CIWM proposes Resources Policy Blueprint for next Government

With the upcoming general election on 4 July, the Chartered Institution of Wastes Management (CIWM) has conducted a review of the 'Resources and Waste Strategy for England' revealing policy gaps that fail to support current and future requirements for a circular economy and resource resilience.

Houses of ParliamentThe CIWM, through a working group of its members, has developed a comprehensive policy blueprint consisting of ten 'policy asks' for the next government.

The recommendations are divided into two categories: policies to be prioritised in the first two years of the new government, and those to be developed in the following three to five years of the term.

During the first two years, CIWM urges the full implementation of key policies from the existing Resources and Waste Strategy, including seeing through the plan to deliver extended producer responsibility (EPR) for packaging. In addition, there is an opportunity to introduce EPR for other products where end-of-life management can be challenging, such as Waste Electrical and Electronic Equipment (WEEE), batteries, textiles, and mattresses.
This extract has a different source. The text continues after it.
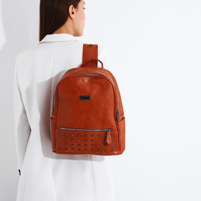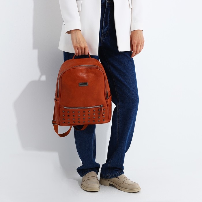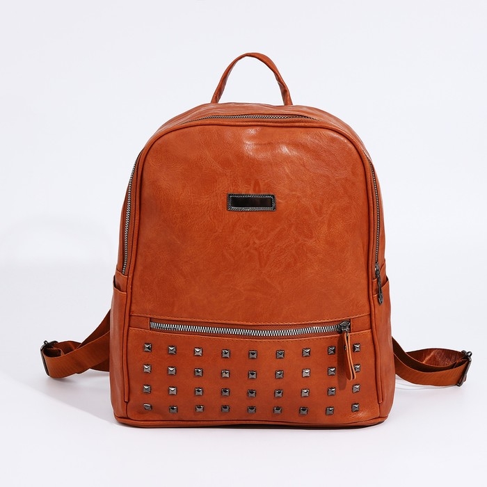 Рюкзак женский из искусственной кожи на молнии, 1 карман, цвет рыжий

This should include the use of modulated fees based on the circularity of products, to drive product innovation and resource resilience.

In addition to EPR, CIWM emphasises the importance of implementing consistent collections in England (currently known as Simpler Recycling) and introducing digital waste tracking.
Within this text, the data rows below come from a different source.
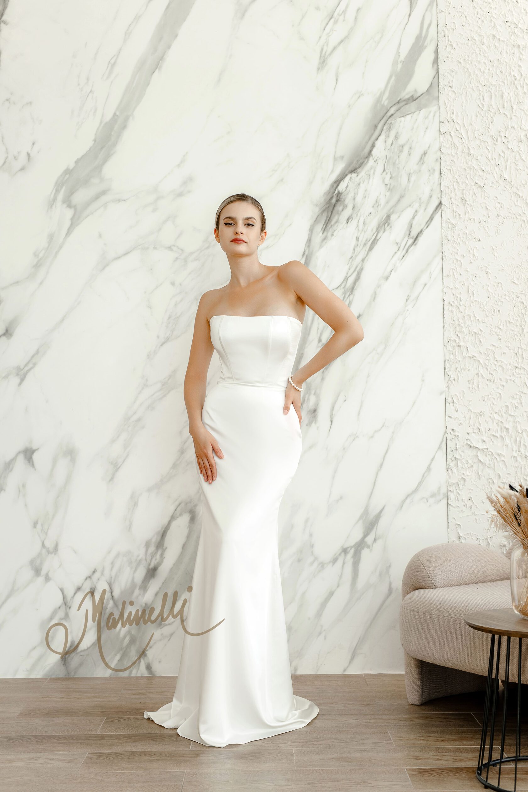 Минимализм - ещё одно направление в свадебной моде, стремительно набирающее популярность в последние два года. Утончённое платье - русалка, для любительниц лаконичных образов.
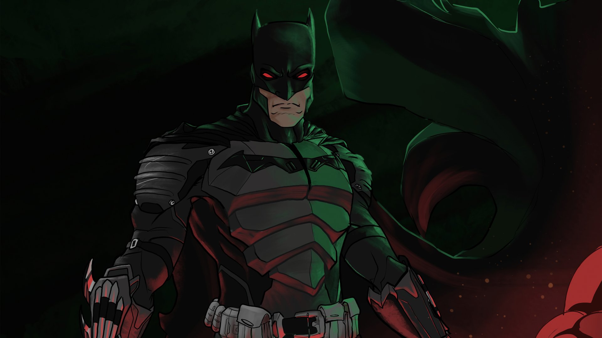 Description: A batman animated character standing in front of a bat symbol and a red background with a green and black background.
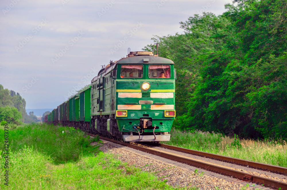 Cargo freight train among the green nature
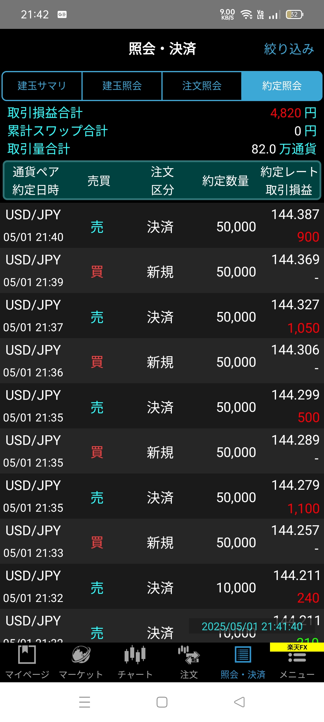 約120万円をポイポイ使って今日もまた稼いじゃったぽ♪スワップ抜きで100万円を目指すぽ♪計算がめんどいぽ♪取り敢えず明日の朝までギリギリやっておくぽ♪

To ensure a coordinated approach to resource resilience and the transition to a circular economy, CIWM proposes creating a cross-government resource resilience task force. This task force would bring together multiple government departments, including the Department for Environment, Food and Rural Affairs (Defra), the Department for Energy Security and Net Zero (DESNZ), the Department for Levelling Up, Housing and Communities (DLUHC), the Department for Science, Innovation and Technology (DSIT), and the Department for Business and Trade (DBT). By facilitating joint working across these departments, the task force can develop and implement critical policies that address the complex and interconnected challenges of resource management, climate change, and economic development.
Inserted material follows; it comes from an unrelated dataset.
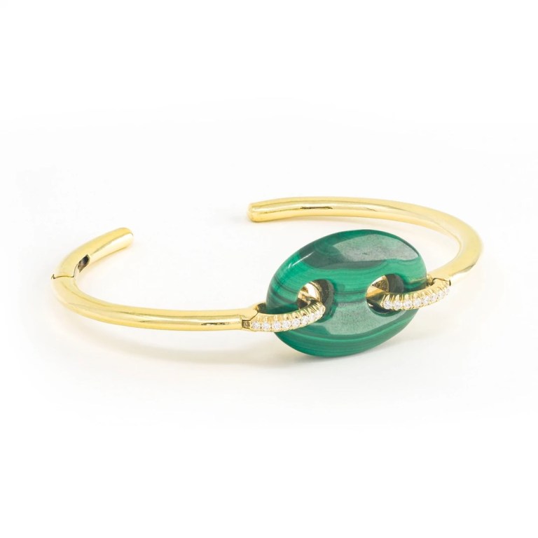 This 18k gold bangle bracelet by Jenna Blake can be customized by changing the semi-precious piece in the middle. It’s shown here with malachite, but is available with a tiger’s eye, coral or carnelian stone. There isn’t an indication of the cost to purchase just this element.

In addition to EPR and consistent collections, CIWM has identified the need for a Green Skills Fund, not only to benefit the resources and waste sector but also other carbon-intensive industries undergoing rapid decarbonisation. Alongside this, the Government should adopt the proposals put forth in the Skills Commission's Skills 2030 report, which emphasises the importance of fully utilising the Apprenticeship Levy, diversifying its use across a broader range of training and qualifications.

Furthermore, CIWM urges the Government to release the draft Green Jobs Delivery Plan and extend the tenure of the Green Jobs Delivery Group. These actions can help create a cross-sectoral campaign to attract investment in sector training, careers mapping, and careers advisory education support.

Lee MArshall, CIWM’s Director of Innovation and Technical ServicesCommenting on the proposals Lee Marshall, CIWM's Director of Innovation and Technical Services, said: "A new Government presents a great opportunity to make the UK more resource resilient. These policy proposals are a clear demonstration of CIWM's commitment to leading the way and helping to deliver a major step change in our journey to a world beyond waste."

For years three to five, CIWM recommends replacing the current 25 Year Environment Plan with a new Circular Economy Plan, supported by a Resource Resilience Strategy. This strategy would address gaps in the 2018 Resources and Waste Strategy and incorporate CIWM's other policy proposals.

One key recommendation is to price raw materials in a way that includes negative environmental externalities. This would involve considering the environmental impacts associated with the extraction, processing, and disposal of raw materials and incorporating these costs into the price. By doing so, the true environmental cost of using these materials would be reflected, encouraging more sustainable practices and the use of recycled or renewable materials.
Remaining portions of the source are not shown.